Milken offered a mock trial elective for many years, but they were unsuccessful and the course was eventually disbanded. Upon her move to Milken from New York, Alexandra Orbuch ‘20 founded the team, and for the first time in 27 years, the team has made it past the preliminary rounds. They placed in the top 24 teams of the county, losing by a mere 2 points to the team who continued on to win the entire  Los Angeles County region.

“Mock Trial is a team where students assume the roles of attorneys and witnesses and argue in a legal case. It is an enjoyable extracurricular activity that is well suited for many people,” said Alexandra Orbuch ‘20, the team captain.

The team of ten meets throughout the week with the advisor Mr.

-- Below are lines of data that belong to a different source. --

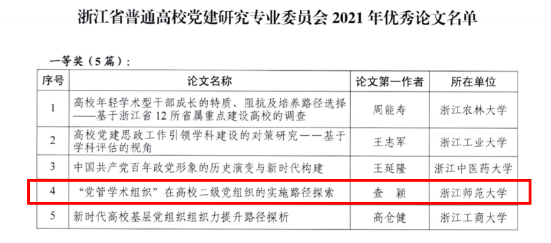 近日,浙江省普通高校党建研究专业委员会公布2021年优秀论文名单,教师9001jcc金沙以诚为本党委书记查颖带领团队撰写的《“党管学术组织”在高校二级党组织的实施路径探析》荣获一等奖。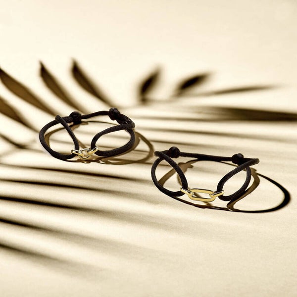 Zwart gevlochten armband uitgevoerd met een 14k geelgouden schakel van 6mm. De armband heeft draaglengtes van 13 tot 26cm.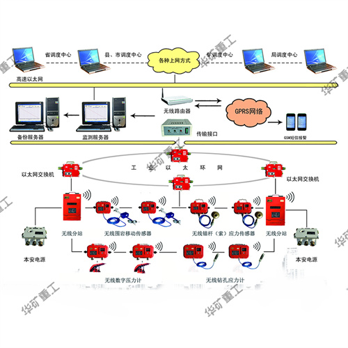 又叫做礦山壓力及頂板離層監(jiān)測系統(tǒng),主要用于實時、在線監(jiān)測液壓支架工作阻力、立柱伸縮量、超前支承壓力、煤柱應力、錨桿(索)載荷、巷道變形量及人員定位和管理等。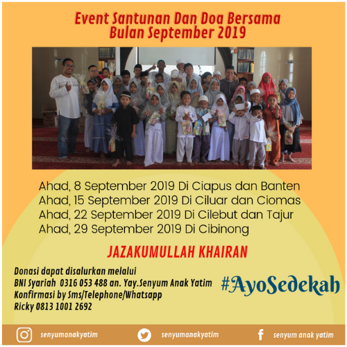 Barakallahu, setelah sukses terlaksana nya kegiatan bulanan kami pada bulan Agustus 2019 SenyumAnakYatim Foundation mengajak para kakak atau volunteers untuk ikut berpartisipasi dalam kegiatan kami selanjutnya dibulan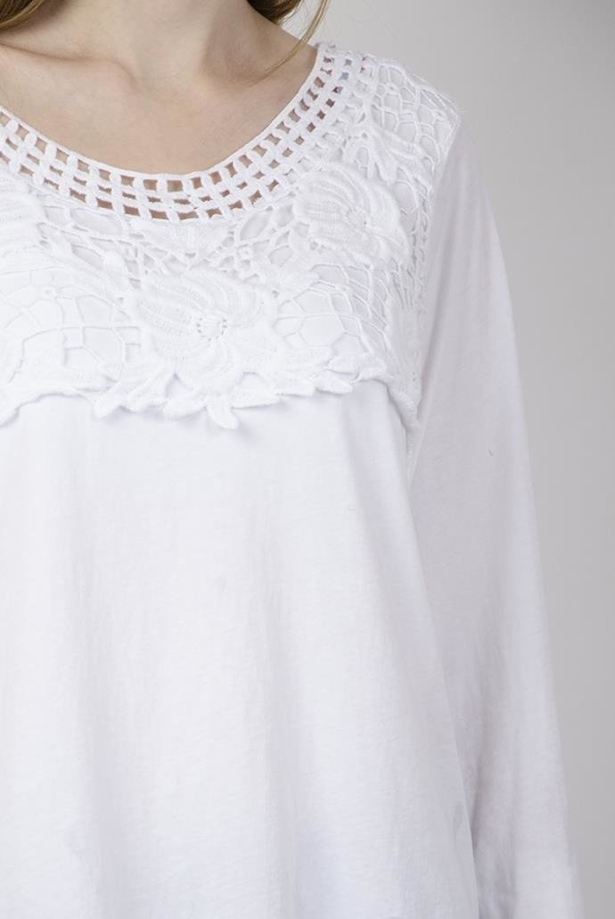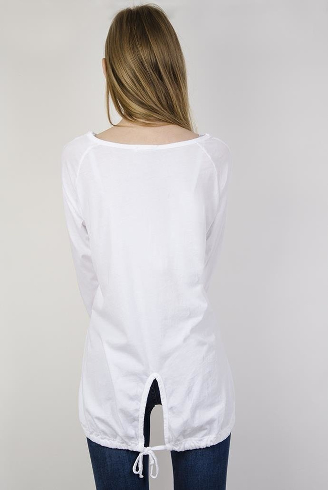 Biała bluzka z ażurowymi zdobieniami przy dekolcie oraz ze ściągaczem na dole

Gibert to prepare for their trials. Members bear the roles of attorneys or witnesses and work on the case given to them by the Constitutional Rights Foundation. After reading through the entire case, witness testimonies and objections, attorneys must write direct and cross examinations while witnesses practice their acting and memorization skills for the stand.

Mock Trial requires a unique set of skills from each member. It teaches students about manipulating language to emphasize a point; their rhetoric and the way they comport themselves is vital to persuading the judge. Students who assume attorney roles must be well versed in law, as well as good public speakers, while witnesses must be able to act and immerse themselves in their roles.

After the flurry of preparation, the team competes in a competition at the Stanley Mosk Courthouse.“It’s amazing to see the immense amount of dedication from students all around the state, competing in real court rooms with real judges. Viewers of the trials always comment that they couldn’t believe they weren’t watching the real deal,” says team member Dani Siman ‘20.

“I think that the team as a whole has definitely improved this year,” said Orbuch ‘20. “From weekly meetings regarding examinations and objections to case reviews, all team members were immersed in the language of the law and the case itself.”